1.Where are you from? Where do you live now? How have these places impacted you as a person and as an artist?
JB: I am from Rugby in England, and still live there now; it’s a very dull, nothing-to-do town, with the dubious honour of having the most pubs per square mile, we only got an art gallery very recently, and that’s not open to artists of the likes of me. Despite such limiting factors, the town has affected myself and some others greatly, in the sense that places like this have a tendency to create some fairly interesting people, and from my personal experiences, Rugby is no exception.
Liberty Under Control
2.Who do you see as your audience? How do you go about getting your work out to people?
JB: I don’t really know who I see as my audience, fellow artists and art-students I guess, as that’s who I get emails from the most. My major method of getting my artwork out to people is my website, I also do a fair amount of magazine work, CD covers for the odd band.
3.Can you discuss collage art. Your first experience with it. The process of constructing a piece. How it comments upon the political and cultural spheres.
JB: My first experience with collage art that really stands out, is from discovering the political punk band the Dead Kennedys. The inserts within the sleeves were so refreshing to me, so biting and absolutely perfect for political satire, it electrified me, setting off a compulsion that has gone on for nine years now, nearly ten. It’s at the point that I get quite upset if I haven’t created anything for a few weeks. As far as constructing pieces go, it’s only ever occasionally that I approach it with a set idea in mind; for the most part I tend to flip through old books and magazines, trying to see if a particular picture will set an idea off. Usually the political work will have a set concept in mind, after that, the hardest work is finding the right pictures.
Collage/montage art is ideal to speak about and reflect upon culture as it takes elements of said culture and puts it among other alien elements, everything is out of place and isolated to show what it is; but it also takes other peoples lies, such as adverts/propaganda, and contrasts them with the truth, it is one of the ways that art for instance, can attempt to help speed up our continuing evolution, which unfortunately seems to be slowing down. For us as a species to grow, people have to question things, and far too few people do that any more, they’re too content to have someone, (the media) to bring them information, that’s if they want it. As Jello Biafra has said, “Don’t hate the media, become the media!” More of us should be spreading information.
greatdictator
4. I was really taken by your Great Dictator piece. It is one of the only posters of Bush that actually makes me feel sympathetic for him…even now after the election and the seemingly countless clip art images of him. At this point how do you feel about using Bush’s image?
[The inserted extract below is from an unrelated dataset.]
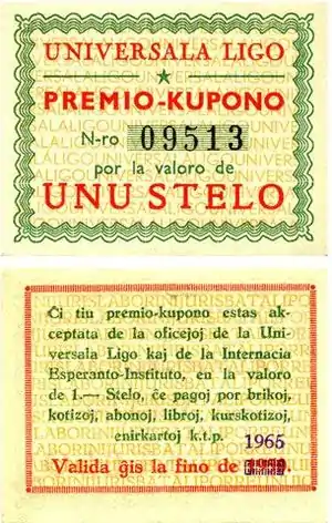 Стело, на мові есперанто Stelo, букв. «зірка», множ. ч. Steloj- міжнародна грошова одиниця, що використовувалась рухом есперантистів у 1945-1993 рр.. Прототипом для стело послужив спесміло, грошова одиниця есперантистів, що існувала перед Першою світовою війною (деякі зображення для монет стели були запозичені з монет спесо). Універсальна ліга есперантистів (Universala Ligo), утворена у підпіллі в 1942 р., карбувала монети і купони з номіналом, вираженим в стело, і продавала їх як сувеніри.

JB: Actually I have done many pieces about Bush junior; I sent only that one because I didn’t want to appear obsessed! I am happy with the piece, although, it’s an idea that has occurred to many people, the same goes with my “Don’t mess Texas!” piece. I certainly don’t feel sorry for him, what with the ideas he represents, and the company he keeps. Also politics is the one profession where you are guaranteed an artistic pillorying, he knew that when he ran for governor, let alone president; what was unexpected was the force of the attack, and the united artistic front. Any satirical artist needs a good enemy, and this guy’s the best world leader since Reagan, we artists have never had so much fun.
I Saw It All Coming
5. A lot of your work contains religious iconography. How did this interest develop? Is it harder to do this now that religion has seemingly become (or perhaps it always is) such a problematic issue in American politics? Also can you speak about the image of the family in your work, which is another theme that has been granted a new level of purpose by the present American administration?
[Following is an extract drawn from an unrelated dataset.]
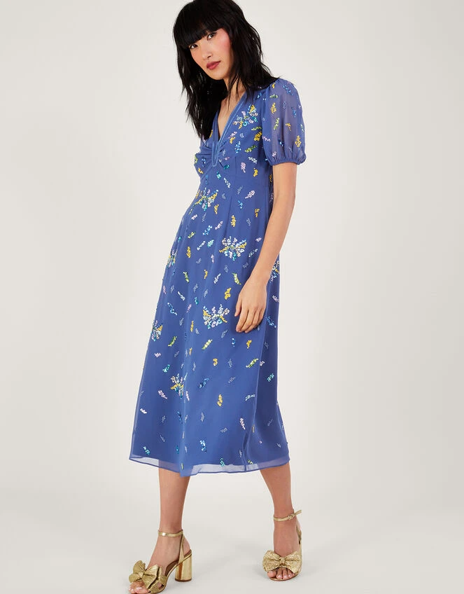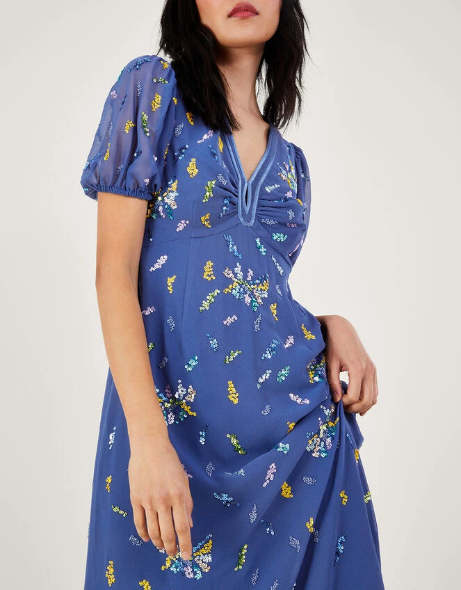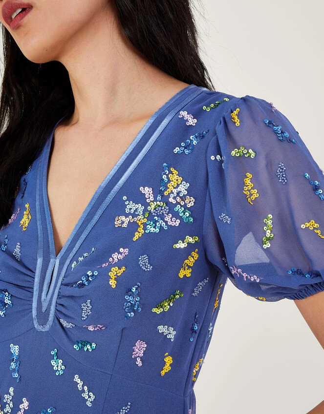 Dare to sparkle in our Zena dress, designed in cornflower blue fabric with a whimsical mesh overlay. We’ve put an elevated spin on its classic tea silhouette, with puff sleeves and a cut-out detail to the back, whilst a band sits around the empire line for added definition. Watch the sequin embellishments twinkle as you make your way round the gathering.

JB: Actually the religious stuff is partly by accident, as some of my source material comes from old kids bibles, as they have some of the best pictures, but there is an element of trying to subvert what I consider an oppressive institution, that can hamper our development. People can believe what they want to, but it shouldn’t go much further than that, huge institutions with that kind of money and power can’t be good, anybody that thinks too much can a real threat to their orthodoxy. I’ve never had too much of a problem, although the Watchtower bible association have threatened to sue me in the past for copyright infringement.
I Bring You Death
As far as the image of the family goes, the politicians in America still wish for you to have this 1950’s Norman Rockwell ideal, which of course is a bubble I enjoy to (pop) burst, my piece “I bring you death” is a Rockwell piece, although that’s something that I found out later on. Over here in England, the only people who are so obsessed with trying to preserve some fairy-tale concept of “Britishness” are the far right, and it involves cricket for some bizarre reason.
6. Lastly — how do you pay the bills?
JB: Grudgingly! Unfortunately I’m still tied to the day job, and don’t see my way out of it for a long time.